Integrity was a huge part of the 2022 campaign and is still a live issue this year.

Labor gets kudos for delivering the National Anti-Corruption Commission and reforming the heavily politicised Administrative Appeals Tribunal, now the Administrative Review Tribunal. But the NACC’s engagement over robodebt, in particular the finding of officer misconduct by the commissioner Paul Brereton in his initial decision not to investigate referred individuals, has raised sharp criticism. There are growing calls to open up NACC’s hearings to the public and therefore allow greater transparency.

“There’s still no sign that it’s ever done anything except one massive mistake. One massive mistake regarding robodebt,” director of the Centre for Public Integrity Geoffrey Watson tells The Saturday Paper.

“Other than that, it is a pointless waste of money.”

The barrister and former counsel assisting the New South Wales Independent Commission Against Corruption says the NACC was “very well” designed, “given plenty of power and money”, but has been let down by its leadership.

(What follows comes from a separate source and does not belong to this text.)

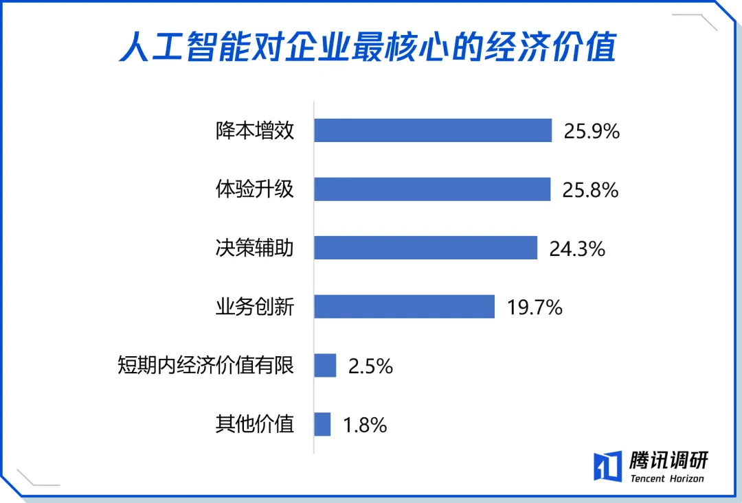 调研显示,在人工智能经济价值认知上,“体验升级”(25.9%)、“决策辅助”(24.3%)、“业务创新”(19.7%)的分布较为均衡,说明人工智能正在从单一的提效工具,逐步演变为支撑企业客户服务、经营决策与业务拓展的综合能力载体。

He describes a “really dismal performance and a deep disappointment for people who thought this could change things”.

Watson says a new or returned government must act immediately to get rid of the “unwarranted” and “laughable” restriction that the public hearings can be conducted only in exceptional circumstances.

However, he says, there is no choice but to “bide time” until Brereton leaves the role. The NACC chair has a statutory five-year term.

The public interest disclosure regime in Australia must also be reviewed as a matter of urgency, says Watson. “What we should be doing is looking to make sure that whistleblowers are protected. I’m going to go a step further and say maybe we should look at making sure supplies are rewarded.”

A related focus is the electoral reform laws, which are still missing key elements after a deal was struck between the major parties on donations, campaign spending caps and real-time disclosures.

The 48th parliament is set to look at truth in political advertising and whether the numbers of politicians in the House and the Senate are sufficient to represent Australians. It may even look at the sometimes corrosive nature of lobbying.

“Integrity policy reform is an ongoing and urgent priority and, unfortunately, often very, very difficult to achieve because it can affect the interests of the major parties,” Centre for Public Integrity executive director Catherine Williams says.

“In what case do you see a government, of its own volition, cede power that it might have? And opposition major parties know that if they sit there long enough, eventually it’ll swing the other way and they’ll be in government, and they want to then be able to have control.”

Labor, as the incumbent, has taken the brunt of criticism for a lack of ambition in this campaign. Health Minister Mark Butler pushes back, however.

“We’ve had to deal with a range of pressures, some of them external to Australia. Obviously, the cost of living are pressures that have swept the entire globe … the legacy of the pandemic, but also a legacy of 10 years of cuts and neglect to important services like Medicare and many others,” he says.

“But at the same time that we’ve dealt with those pressures … we’re rebuilding Medicare … The prime minister has made clear is a really important priority for him in terms of universal early childhood education and care.

“We are very ambitious for Australia’s future. That’s why the prime minister is so focused on building that future.”

If he is returned, the prime minister will have no shortage of competing priorities.